Hi,
I am trying to use brms package to output the bayse factors for LMM.
# rt_lm = lmerTest::lmer(RT_scale ~ type+tarcolor+tarshape+linedirection+(1|subid),
# data = rt_cleaned,REML = FALSE,lmerControl(optimizer = "optimx", optCtrl =
# list(method = "L-BFGS-B")))
Above is my model, I am interesting in “type”, which consists with 3 levels (distractor absent, predicted, and unpredicted). I want to calculate the BF for the comparison between predicted and unpredicted conditions, so I wonder how can I use this package to get it.

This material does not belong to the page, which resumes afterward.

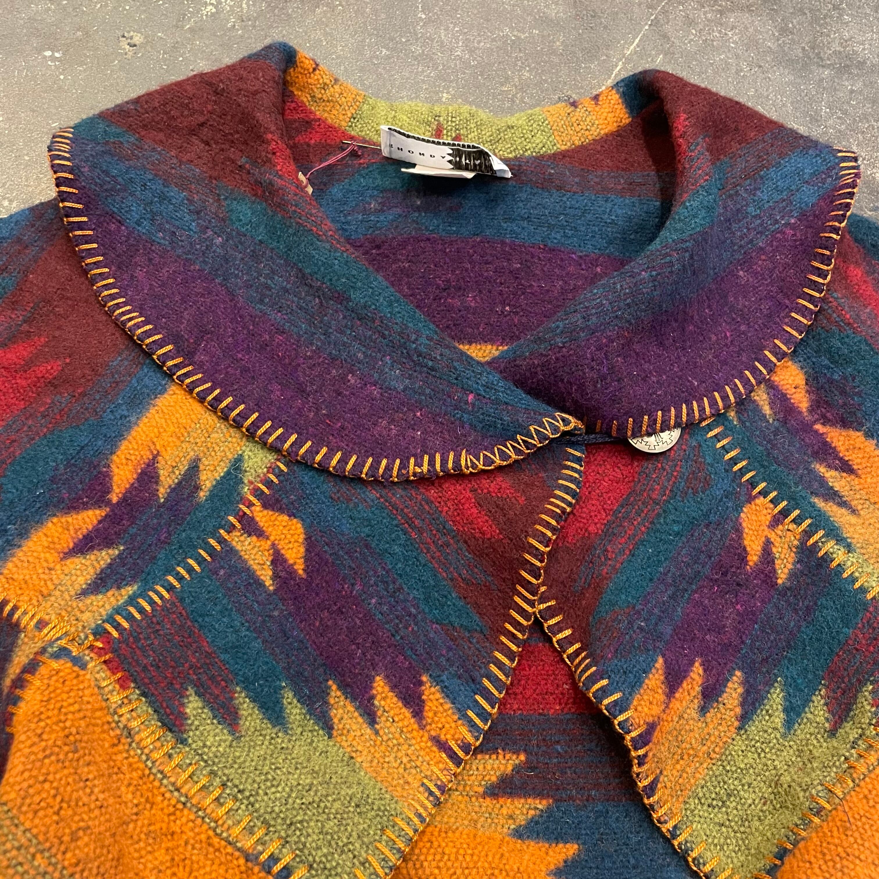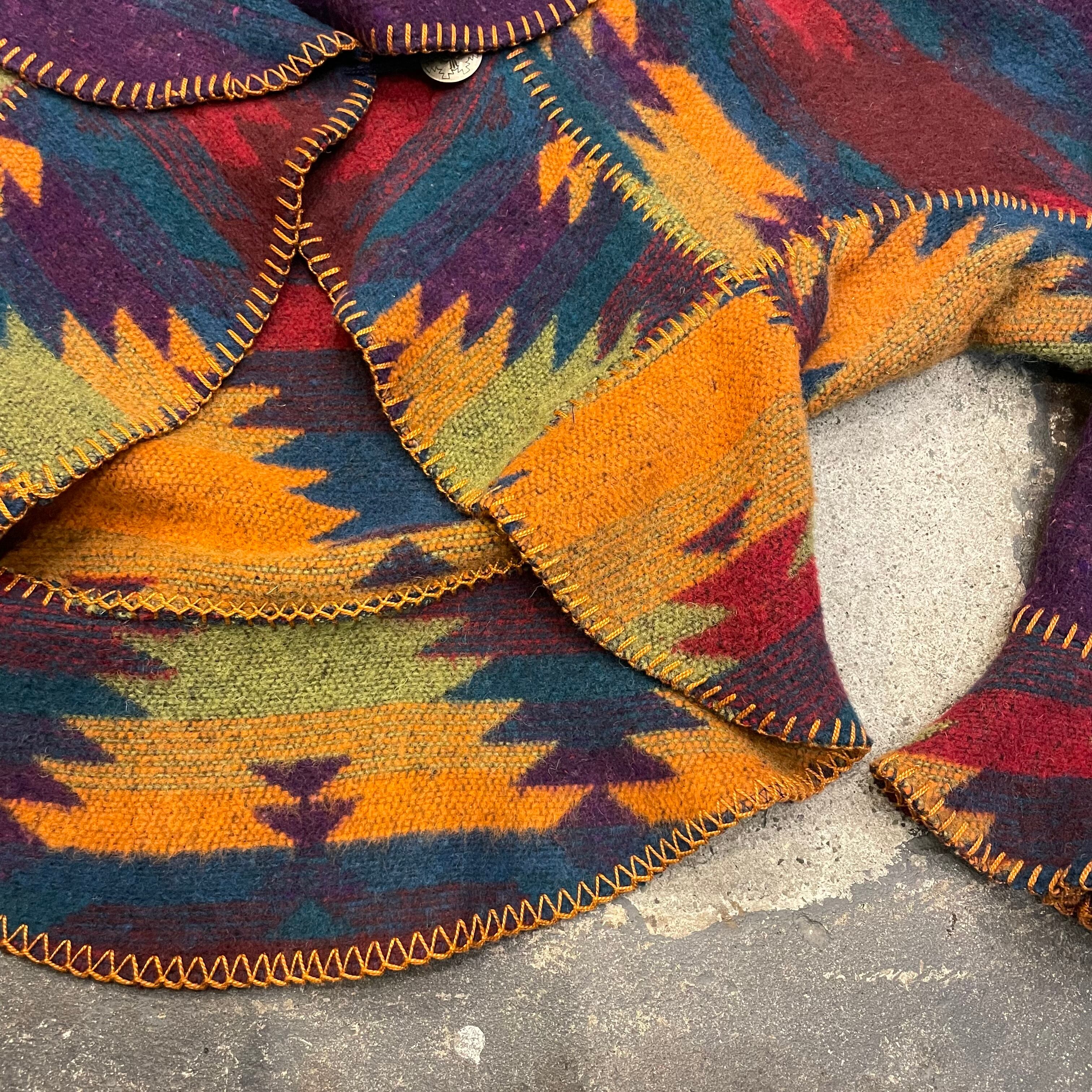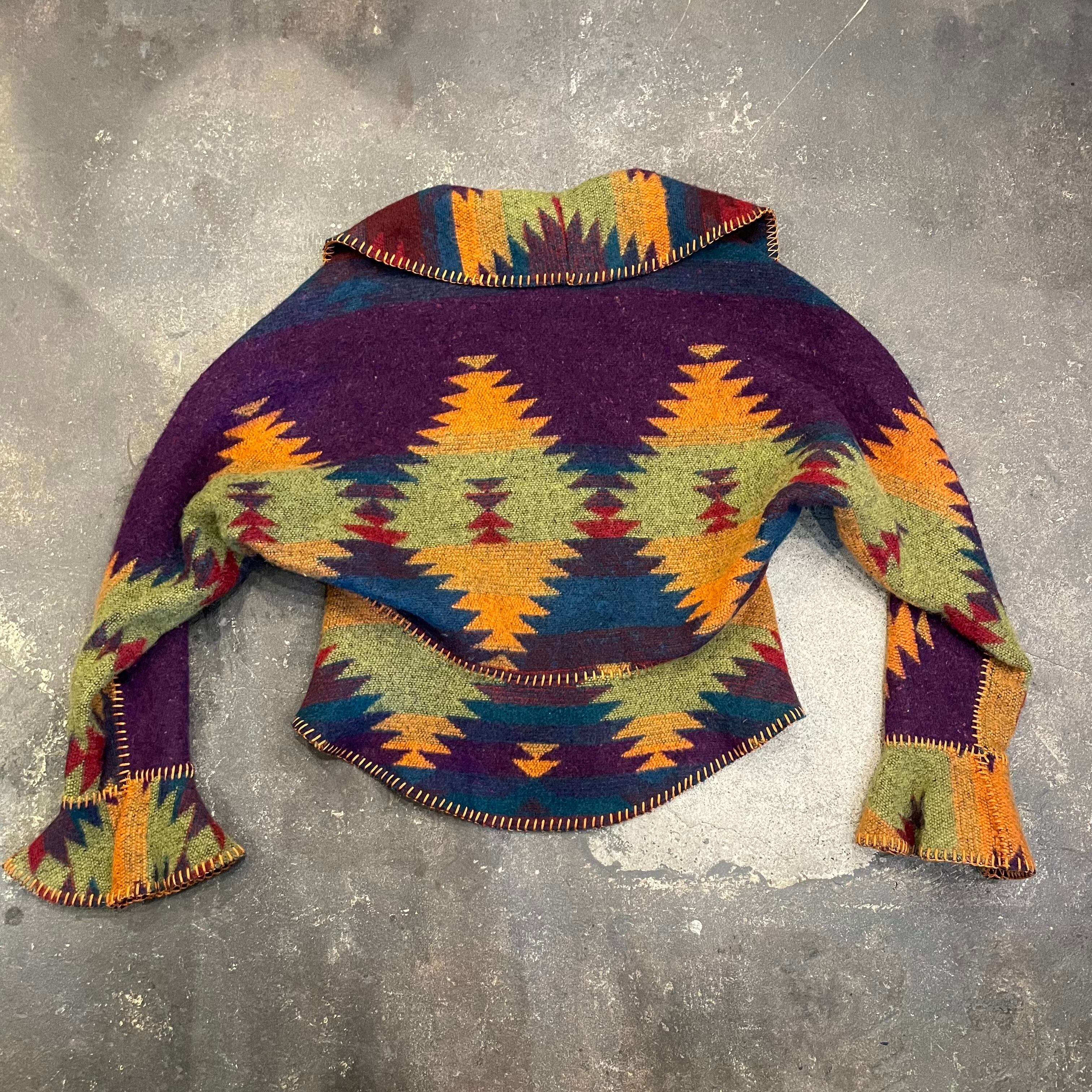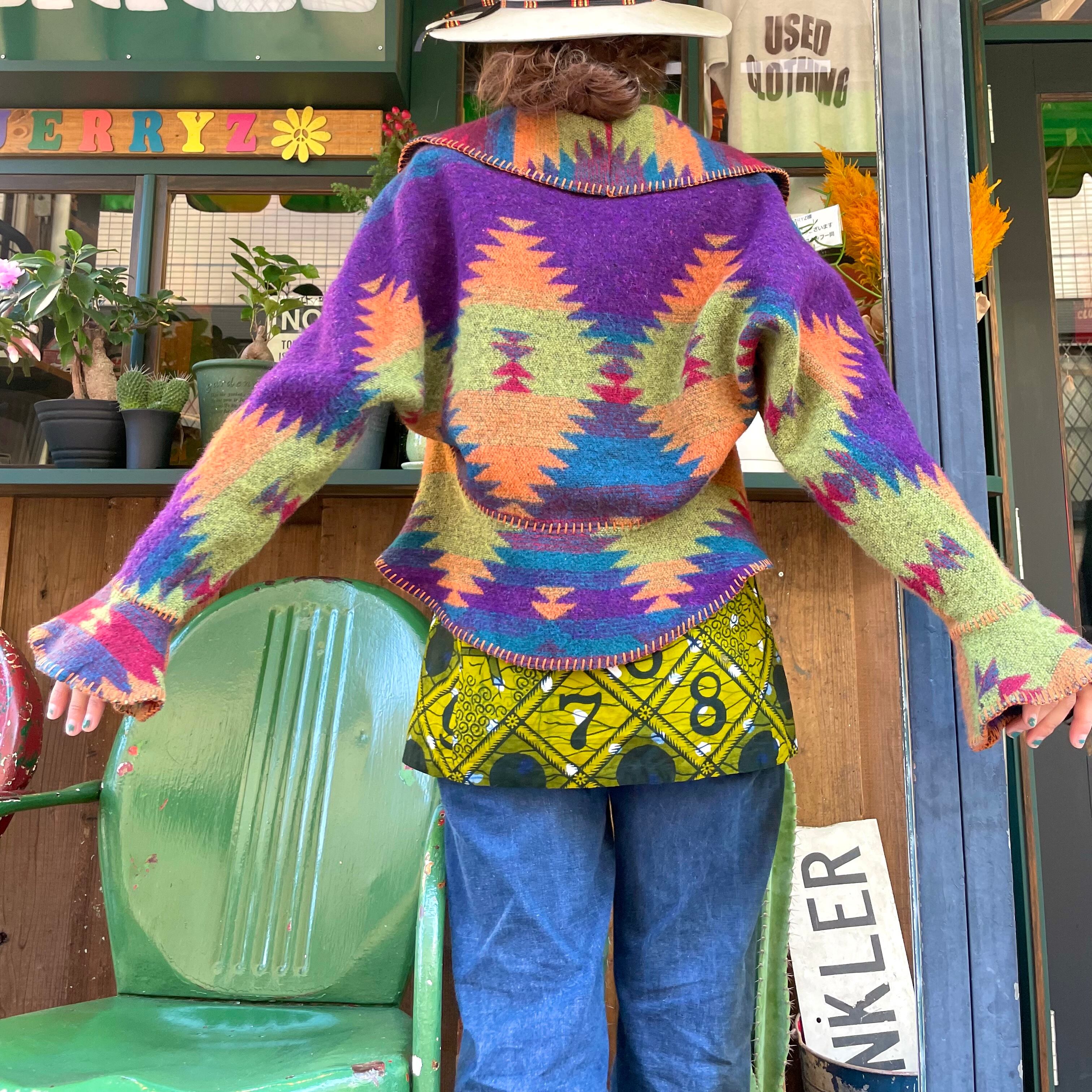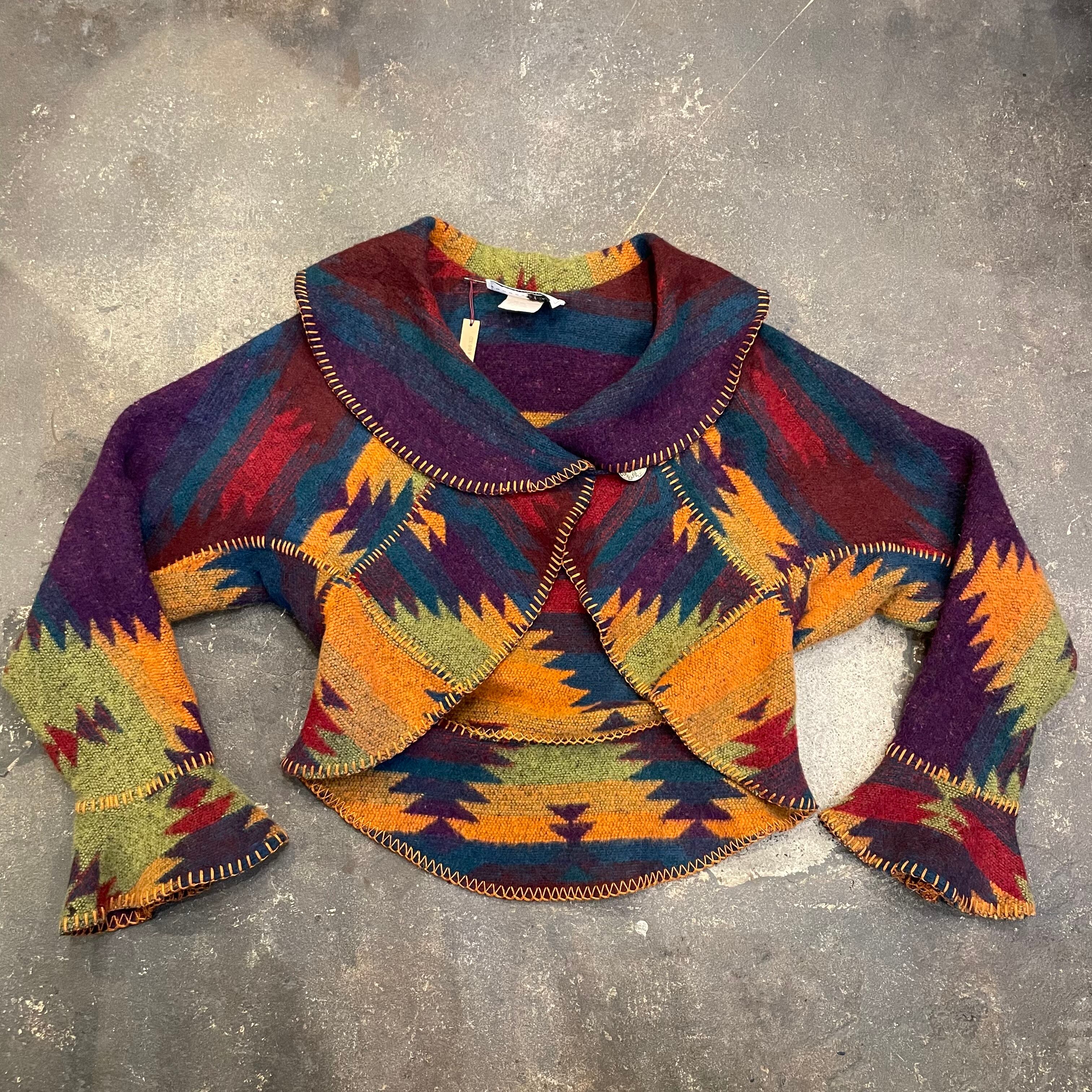 不思議なシルエットでツギハギしてあるデザインも、ショート丈なところも、袖口のフレア感も雰囲気たっぷりでかわいいです。

# bayes_rt = brm(RT ~ type + tarcolor + tarshape + linedirection + (1|subid),
# data = rt_data, family = gaussian(),
# iter = 8000, chains = 3, warmup = 2000, cores = 4,
# control = list(adapt_delta = 0.8))
# summary(bayes_rt)
# brms::hypothesis(bayes_rt,hypothesis = "type2-type3 = 0")

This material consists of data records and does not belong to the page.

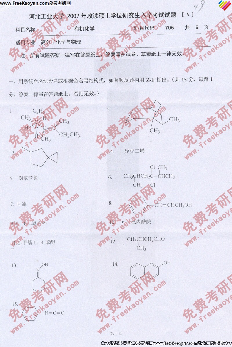 专业课考研经验 本站小编 FreeKaoyan 2018-01-23河北工业大学2007年考研真题-物理化学421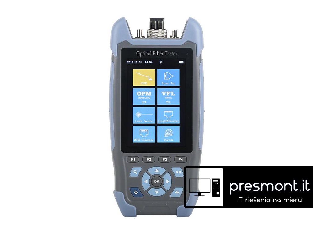 OTDR pro servisní měření a analýzu SM optických spojů. Umožňuje také měření délky a útlumu celého spoje, vzdálenosti a útlumu mezi dvěma body, lokalizaci poruch a další měření. Možnost uložit a vytisknout výsledky měření v grafu nebo Event Map. Přenášení dat mezi OTDR a PC přes MicroUSB. - Lehké a kompaktní provedení vhodné pro servisní práce - Měření na standardních vlnových délkách singlemode 1310 a 1550nm - Dynamický rozsah 24/22 dB - až 12 hodin provozní čas - Rozhraní: 1x RJ45,1x MicroUSB, 1x SD karta - Rozměry: 170 x 80 x 37 mm (Délka x Šířka x Výška) - Konektor FC/PC + SC/PC - Hmotnost testeru : 0,354kg - Balení obsahuje: hlavní jednotku, napájecí adaptér, lithium baterie, FC adaptér, SC adaptér, USB kabel, certifikát s kalibrací, uživatelskou příručku, CD s manuálem a softwarem, přenosnou brašnu, sada čistících ubrousků Model: FF-980REV Vlnové délky: 1310 a 1550nm Dynamický rozsah: 24/22dB Testovací rozsah: 3m to 64km 9 funkcí v 1 zařízení 1) OTDR 2) EVENT MAP (EXFO) - zobrazení trasy, počet konektorů na trase a útlumy 3) Optical Light Source - zdroj světla 4) Optical Power Meter - Power Meter 5) Visual Fault Locator (VFL) - laserové pero 6) RJ45 Ethernet Cable Sequence - správné zapojení Ethernetových kabelů (konektorů RJ45) 7) Ethernet Cable Distance - Délka Ethernetového kabelu 8) Ethernet Cable Tracker - Ethernetový kabelový sledovač 9) LED LightDodatočné parametre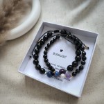 Zestaw dwóch bransoletek dla par to piękny sposób na wyrażenie wzajemnej więzi i bliskości. Kamienie zostały dobrane tak, by wzmocnić miłość i szacunek, a jednocześnie podkreślić pierwiastek każdej z płci. W damskiej bransoletce zostały wykorzystane fasetowane kamienie, co nadaje jej eleganckiego wyglądu. Męska złożona jest z gładkich kul, dzięki czemu stanowi idealny dodatek zarówno do codziennych jak i wyjściowych stylizacji.

I have used these for calculation, but it did not show the specific BF value (see below).
# > hypothesis(bayes_rt,"type2-type3 = 0")
# Hypothesis Tests for class b:
# Hypothesis Estimate Est.Error CI.Lower CI.Upper Evid.Ratio Post.Prob Star
# 1 (type2-type3) = 0 -16.38 3.77 -23.7 -8.95 NA NA *
# ---
# 'CI': 90%-CI for one-sided and 95%-CI for two-sided hypotheses.
# '*': For one-sided hypotheses, the posterior probability exceeds 95%;
# for two-sided hypotheses, the value tested against lies outside the 95%-CI.
# Posterior probabilities of point hypotheses assume equal prior probabilities.